McMichael remembers that moment.
“I was numb, sick,” he said. “That’s one of your kids, part of your family.”
McMichael was a coach on the offensive side of the ball, Howard a defensive player, so he didn’t know him as well as if he was his position coach, but he knew how the team felt about this spirited little guy, knew that he was among the most popular players on the team.
You can’t quantify a loss like that, nor can you really rein in your emotions.
“It was quite a week,” McMichael said.
At the time he was a former West Virginia coach, a situation that would be remedied after Doc Holliday left Bill Stewart’s staff to take the head coaching job at Marshall, leaving an opening for McMichael to take as he came home.
But then he only knew that he was heading back to West Virginia for the day, to play the strangest of football games under the saddest of circumstances.
There were so many distractions in Connecticut, so much for head coach Randy Edsall to see to.
Would they play the game? How would the team react? How could he, as head coach, offer any solace to the family?
In West Virginia, wheels were turning to. The Mountaineer nation, headed by Bill Stewart, showed the kind of compassion you would hope they would show. They were touched by the tragic shooting outside the Connecticut student union, knowing it well could have been one of their own.

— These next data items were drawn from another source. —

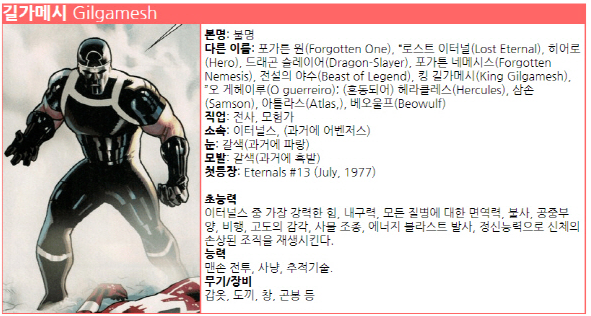 마블에 출연하는 마동석의 모습을 보고 싶어지는데요. 길가메시가 원작 캐릭터의 외모 싱크로율도 마동석과 높다고 합니다.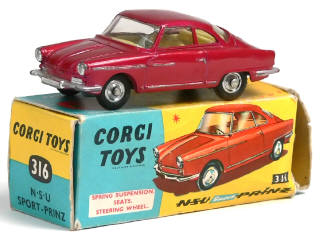 CORGI TOYS (GB) 316 N.S.U. Sports PRINZ rose métal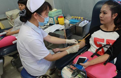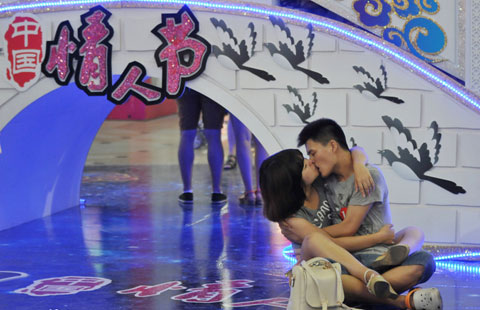 Couples compete in a kissing contest outside a jewelry store in Jiujiang, Jiangxi province, on Thursday ahead of Chinese Valentine’s Day.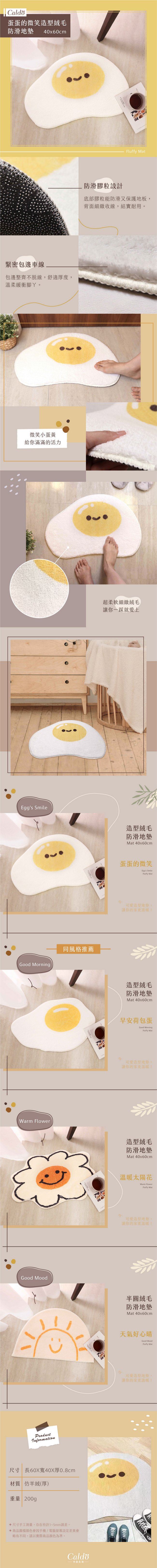 Caldo卡朵生活|蛋蛋的微笑造型絨毛防滑地墊 40x60cm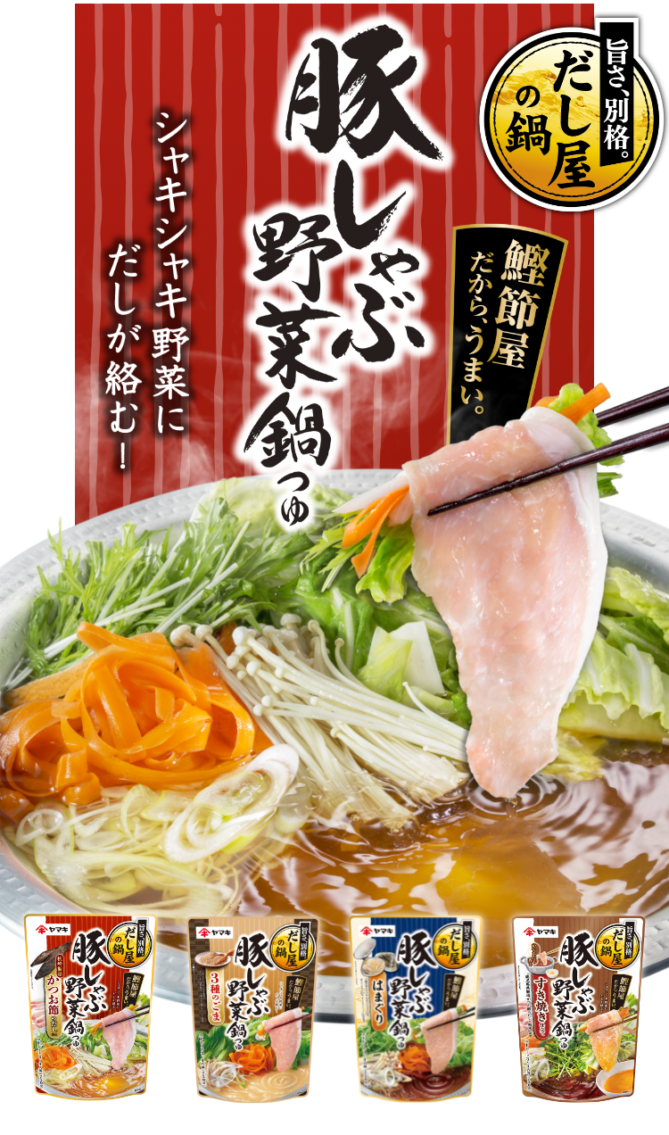 豚しゃぶ野菜鍋つゆ 3種のごま鰹節屋・だし屋、ヤマキ。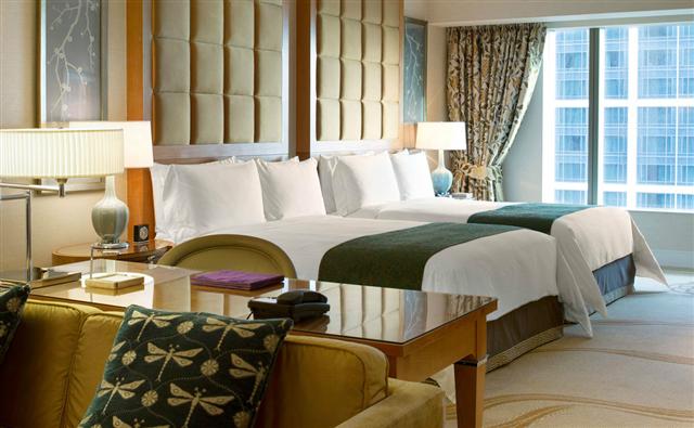 位置:澳门瑞吉酒店坐落于路氹金光大道娱乐中心,与伦敦人、威尼斯人和巴黎人等著名景点相邻。楼上便能看到埃菲尔铁塔或者大笨钟。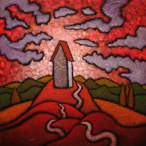 I think the words above from the late journalist Norman Cousins capture what I feel the representative Red Roof house is rising above in this painting. It is a constant battle for us humans to hold on to those things– genuine feeling,inspired response and an empathy with the pain or glory of others– as we live our lives on this planet. We sometimes become self-centered and guarded in our response to many things and emotionally distant in our dealings with others. Instead of feeling their pain or glory, we sometimes experience envy at their successes and a pang of relief that their failures are not ours.
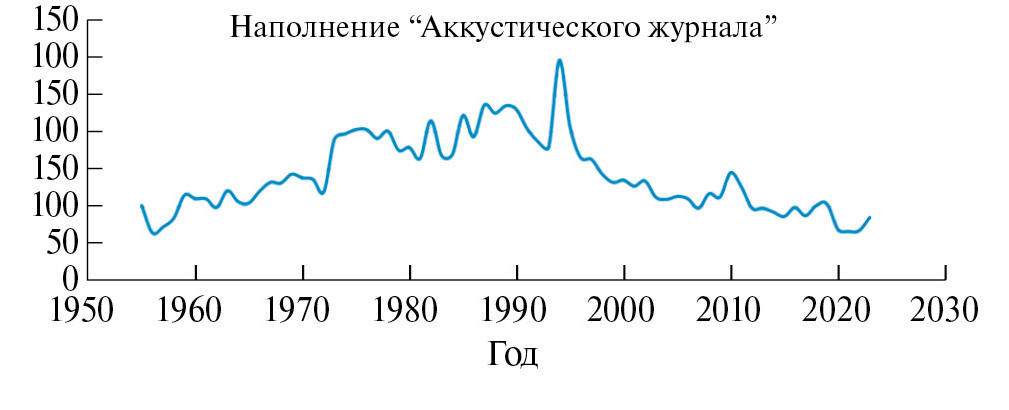 “Акустический журнал” является единственным журналом в русскоязычном мире, где печатаются статьи по всей акустической тематике – как в области теоретической, так и прикладной науки и техники. Журнал сразу же стал настольным для всех учреждений и специалистов акустического профиля, стартовав с тиража в 1800 экземпляров. Приведем на рис. 2 наполнение “Акустического журнала” по годам выпуска.

Normally, they are among the nation’s most zealous fans, tough on visitors, but on this 24th of October they would be as one with the grieving Connecticut team.
McMichael, of course, knew not what to expect upon the return to Morgantown. He’d been here when Miami was in town and Randy Shannon was hit in the head with a garbage can thrown by a fan. He’d been here when teams were booed and players ridiculed, when curse words were thrown around like so much confetti.
“When the buses turned down Don Nehlen Drive the fans were lined up giving us the No. 6 sign,” McMichael said, noting that No. 6 was the uniform number Howard had wore. “I thought, ‘Wow! I’ve never seen anything like this.’”
It was the same in the stadium. They cheered the Huskies as they came out on the field, carrying Howard’s helmet and uniform shirt, and they cheered them after the game following Noel Devine’s spectacular run that brought the Mountaineers from behind.
McMichael was proud of his team, of the way it played and almost won in the most difficult of circumstances, but he was proud, too, of the city and state that he used to call home.
A native of Kettering, Ohio, just outside Dayton, had played for Nehlen at Bowling Green and had spent 18 years on Nehlen’s Mountaineer staff, leaving only after Rich Rodriguez showed him the door. He’d been a fine coach, the man who coached such players as Anthony Becht, Rob Bennett, Rich Braham, Brian Jozwiak, Jack Linn, Adrian Moss, Page, Rick Phillips, Lovett Purnell, John Ray, Brian Smider and Keith Winn.
His wife, Karen, was a West Virginian and they considered these hills their home.
That’s why the phone call he received from Bill Stewart was so much better than the call he received that October morning, a calling asking him if he would be interested in returning to West Virginia.
He’d been at Connecticut for nine years, helped the program make the move into Division I and into the Big East. He’d put a lot of himself into earning the respectability Connecticut now enjoys, but this was home.
He never thought he’d be asked back, but wasn’t going to say no when the opportunity presented itself.
“This,” he said, “is a crazy business.”
Now his business cards list the Puskar Center as his address and that just has this right feeling about it.